Потом в зале был некий официальный момент – произносились приветственные речи. Обращаясь к зарубежным писателям, Хрущев говорил не очень любезно. Подоплека этого та, что на другой даче, за его забором, отдыхал Морис Торез. К нему еще накануне приехал из Ленинграда Андре Стиль, бывший на Сессии европейских писателей наблюдателем, и высказался тенденциозно, что-де КОМЕС коммунистов-писателей в Ленинграде не пригласил, а буржуазных литераторов тут принимают со всей сердечностью. Со слов Стиля, Торез выразил свое недовольство Хрущеву. И Никите Сергеевичу пришлось объясняться.
Так или иначе, но Хрущев простодушно обратился к собравшимся гостям: “Вот среди нас есть и писатели, защищающие интересы социализма, и писатели – защитники интересов буржуазии…” Это вызвало протест Сартра: “Буржуазных писателей здесь нет”.
Пошли к столам, и за обедом атмосфера потеплела.
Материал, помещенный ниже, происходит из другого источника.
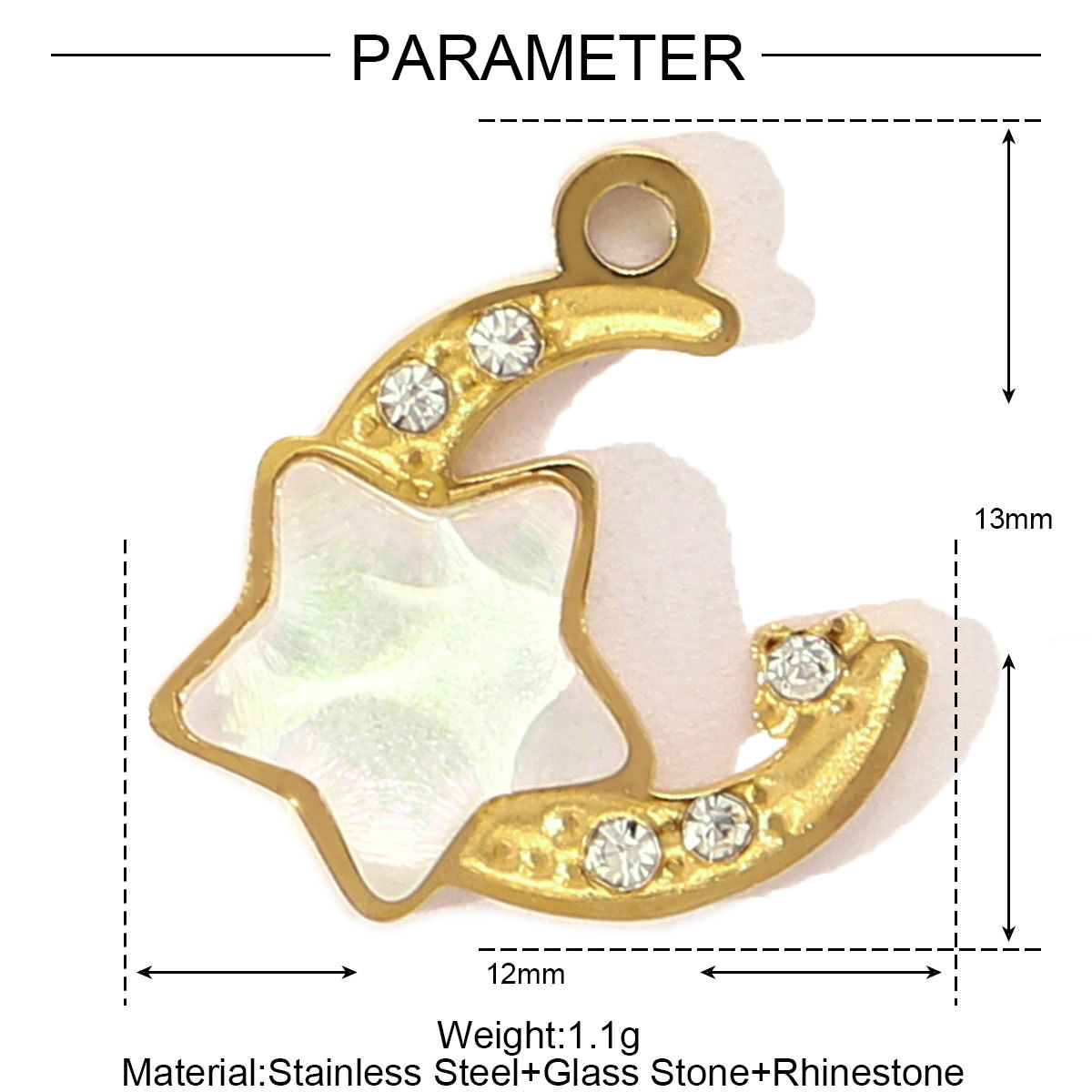 5 PCS/Package 15mm Hole 1~1.9mm 304 Stainless Steel Zircon 18K Gold Plated Constellation Pendant

Вигорелли (итальянский писатель, президент КОМЕС. – С. Х.) сказал, наклонившись к Хрущеву, что он хочет процитировать ему один пункт устава КОМЕС, и произнес по памяти: “Сообщество принимает в свои ряды коммунистов, но не принимает антикоммунистов, которых приравнивает к фашистам”. Хрущев закивал, это помогло дальнейшему общению».
Твардовский держал себя строго, не пил спиртного, почти не ел, потому что знал, что ему, возможно, предстоит читать Хрущеву поэму после обеда. (По предварительному разговору с Лебедевым выходило так, что иностранцы разъедутся, а Александр Трифонович прочтет поэму в узком кругу, пригласят лишь Федина и Шолохова.) Предложение Хрущева читать за обедом, «поэксплуатировать» Твардовского в присутствии всех гостей, прозвучало неожиданно.
«Никита Сергеевич произнес с полной непринужденностью, как будто никакой договоренности не существовало: “Я слышал, у Александра Трифоновича есть что-то новенькое. Может быть, попросим его прочесть”», – уточняет детали Лакшин.
«Унгаретти и Вигорелли успели откланяться, но все прочие остались, – я снова обращаюсь к дневнику Твардовского. – Чтение длилось сорок минут. Никита Сергеевич почти все время улыбался, иногда даже смеялся тихо, по-стариковски. Этот смех у него я знаю: очень приятный, простодушный и даже чем-то трогательный. В середине чтения я попросил разрешения сделать две затяжки. Дочитывал в поту от волнения и от взятого темпа, моя дорожная, накануне еще ношенная весь день – светло-синяя рубашка на груди потемнела. Кончил, раздались аплодисменты. Никита Сергеевич встал, протянул мне руку: “Поздравляю, спасибо”. Тут пошли реплики, похвалы, но Сурков быстро сообразил, что “обсуждения” не должно быть, и предложил тост за необычный факт прослушивания главой великого государства в присутствие литераторов, в том числе иностранных, нового произведения отечественного поэта».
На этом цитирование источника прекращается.